CK: Is that a matter of saving the energy, or keeping sort of the writing in the writing world?

KB: It’s both of those. Partly it's a desire to keep the story’s energy centered on itself, but also I feel that if I talk too much about it, I’ll make it concrete in a way that I feel obligated to live up to, rather than simply letting the story slowly reveal itself to me. And then there's simple superstition.

CK: I wanted to ask, you know Bradbury had that collection, Medicine for Melancholy…

KB: Yes, I haven’t read that book, but I’ve probably read a lot of the stories in it. He tends to repurpose his stories. A couple years ago he had a big thick compendium of what he considered his best work, and I bet portions of Medicine for Melancholy are in that.

CK: I just wondered, just taking that phrase, if there were medicines you turn to when you’re frustrated with writing, or with life, places you go when you feel melancholy?

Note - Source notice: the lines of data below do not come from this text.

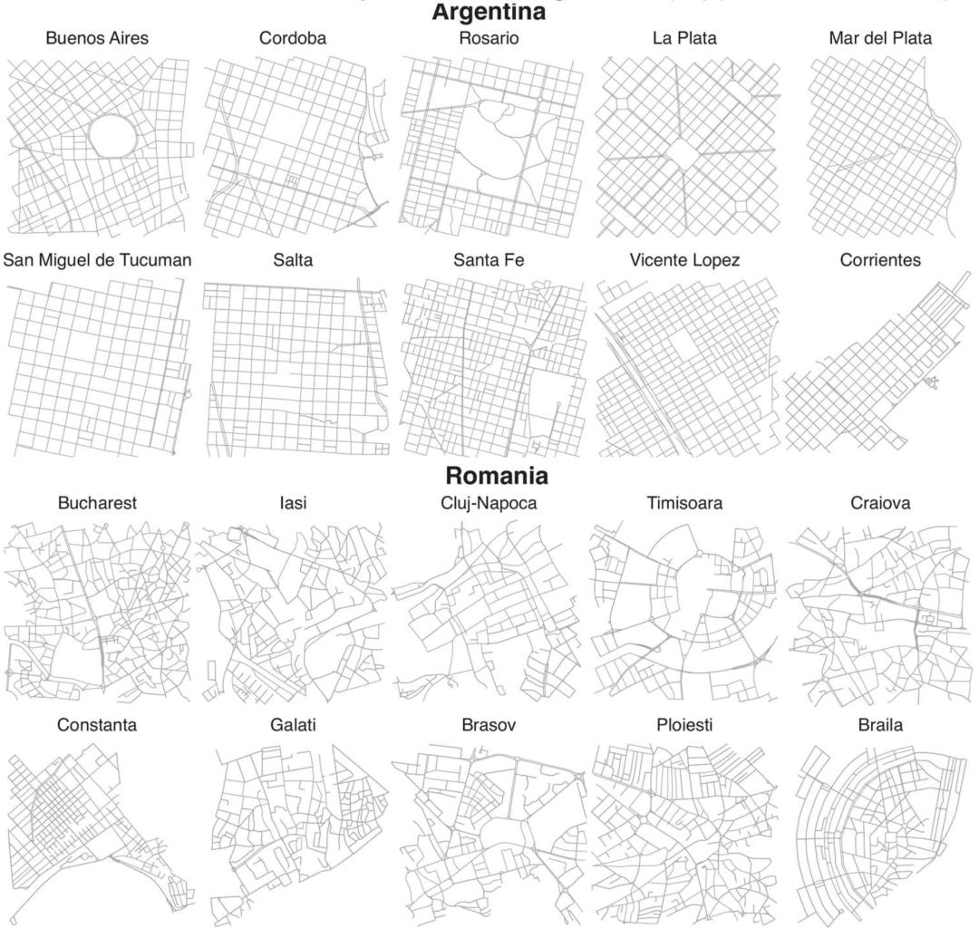 经过计算,研究人员得出了38个地域最大城市的平均街道网络熵值 (SNE):网格状城市(例如芝加哥)的SNE较小,而结构更有机芜杂的城市(例如布拉格)的SNE较高。
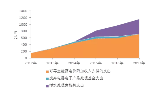 從2012年至2015年,可再生能源支出攀升速度較快,而從2015年至2017年每年該項(xiàng)支出逐漸穩(wěn)定。廢棄電器電子產(chǎn)品支出從2012年至2015年穩(wěn)步提高,而從2016年開(kāi)始逐漸下降,2017年更是迅速衰減。而全國(guó)污水處理費(fèi)從2015年明確列支開(kāi)始,即呈現(xiàn)穩(wěn)步增加趨勢(shì)。
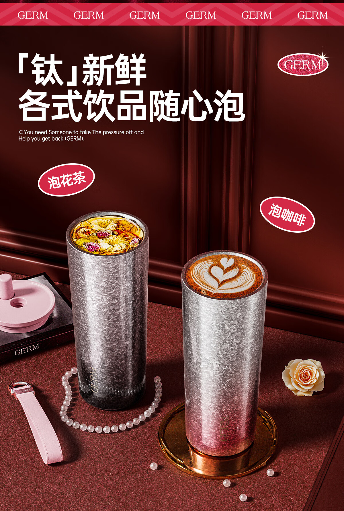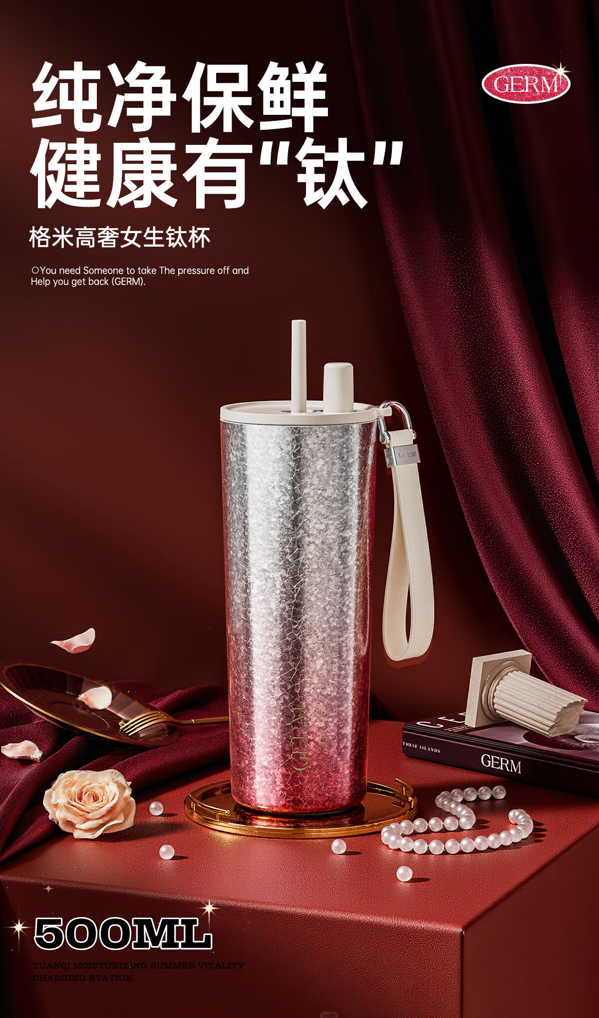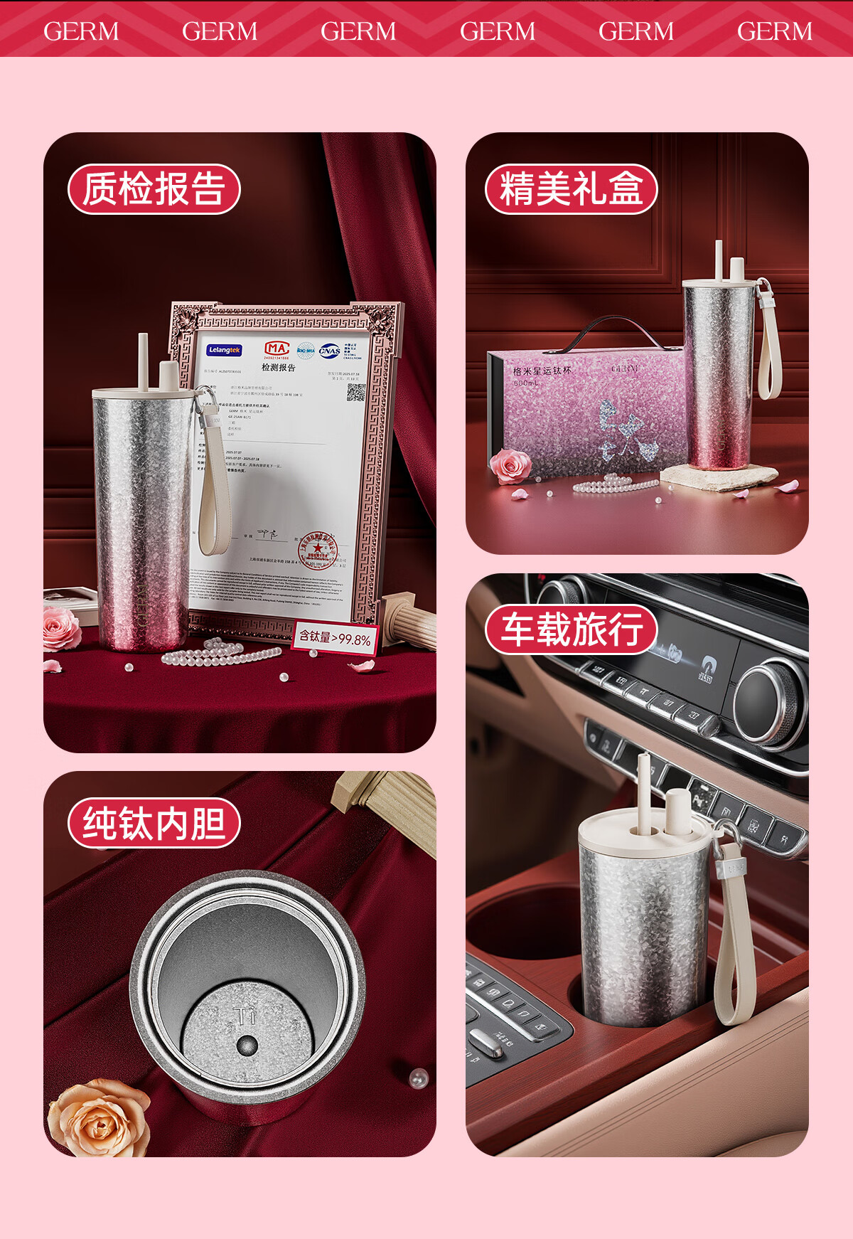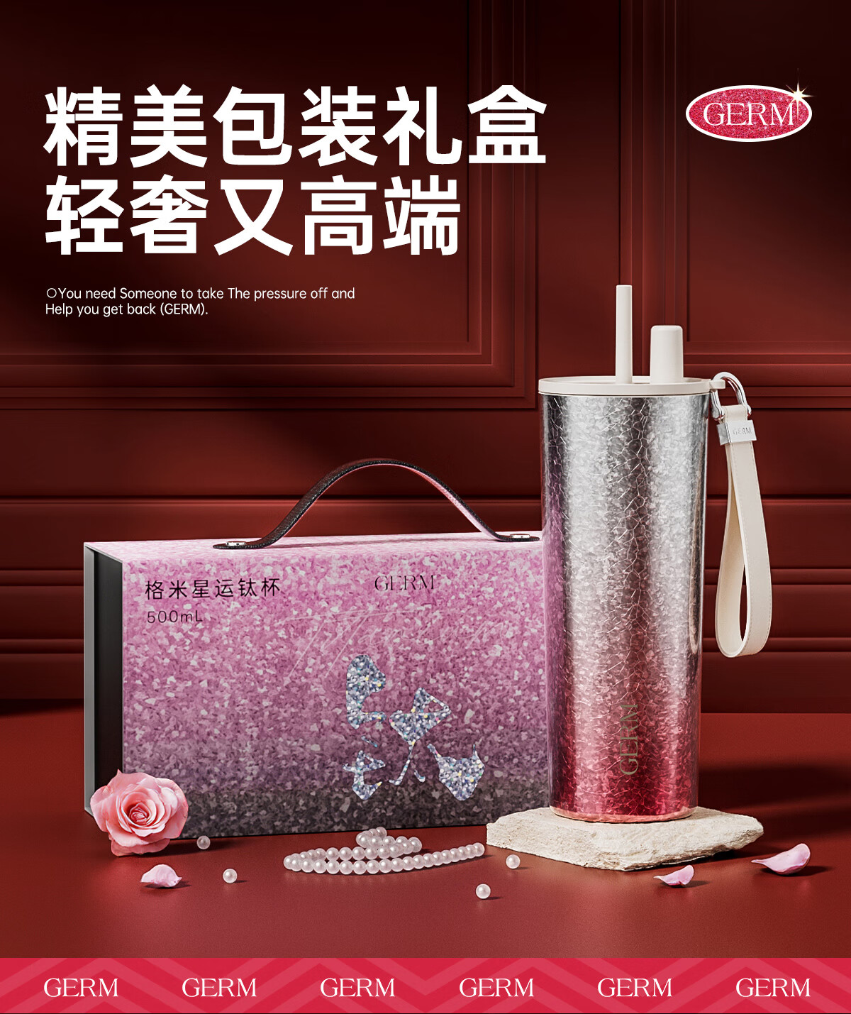 格米(germ)星运双层纯钛吸管保温杯高颜值水杯女士礼物水壶大容量车载杯子 星运钛杯礼盒【月夜暮粉】500ML
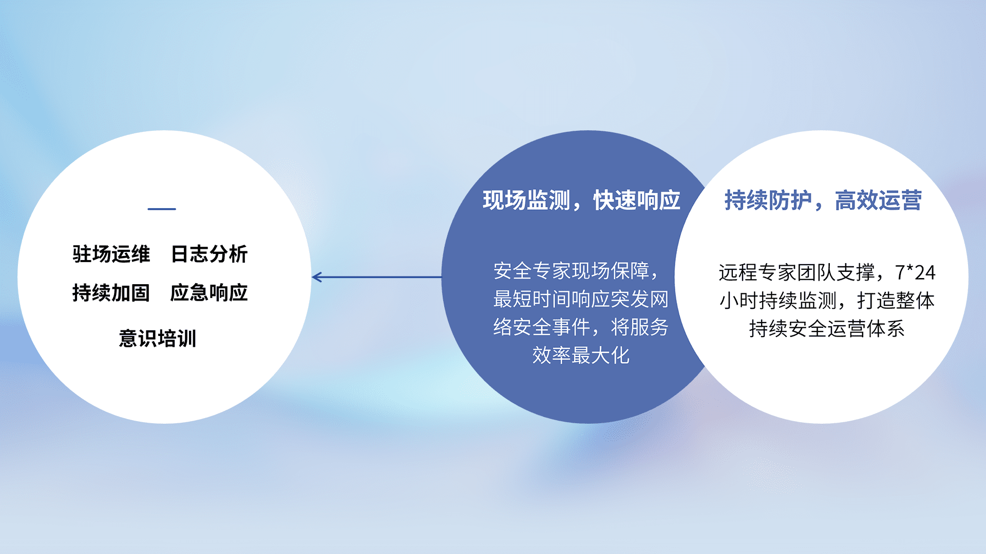 7X24小时持续监测安全事件,保持安全策略有效性,降低资产脆弱性风险,,,,精准拦截黑客攻击,,,,减少被黑客利用的机会,,,第一时间遏制,,降低损失。。。

KB: I turn to the books I love all the time, but, you know, some of the books I love are as likely to cultivate melancholy [laughing] as they are to rid me of it. I’ve got friendships that are very important to me. I’m a moviegoer, so at least once a week I’ll go to the movies. And I’m a music lover, so I listen to my CD collection.

CK: Is there a movie or a particular CD that you’ve discovered recently that you loved?

KB: Sure, I’ll give you one of each. Like my fifty favorite books list, which came up earlier, I’ve got a fifty favorite movies list and a fifty favorite albums list. I’m always reconsidering and updating these things. It’s a silly way to spend my time, but that itself ---listkeeping---might be something I return to as a way of addressing any anxiety or melancholy I might feel. It gives me a lot of pleasure to work on these things. In any case, the last movie to work it’s way onto my list was The Diving Bell and the Butterfly, which I thought was profound and beautiful and experimental in a way that felt completely natural to the story being told and not at all pretentious. And then, maybe not the last album to make it onto this fifty favorite albums list, but the last album I fell head over heels for is an album called Melody Mountain by Susanna and the Magical Orchestra.

CK: What a name…

KB: It's a Norwegian band, only two members actually. Susanna Karolina Wallumrod, who does all the singing, and a guy named Morten Qvenild, who does all the instrumentation. This particular album is an album of slow, delicate, gorgeous, sorrowful cover songs. Some of them are by the usual candidates, like Leonard Cohen or Prince or Bob Dylan, but some of them are very unexpected, by bands like Depeche Mode or AC/DC. It’s a stunner. That’s my most exciting musical discovery of the past few years.

CK: There was a Norwegian singer named Sondra Lerche that I got into for a while. I don’t know what it is about Norway, maybe it’s just the weather, but Norwegian music always sounds cold or…

KB: I don’t know what it is either, but I’ve been listening to a lot of Norwegian music, viewing a lot of Norwegian movies, and reading a lot of Norwegian books the past few years.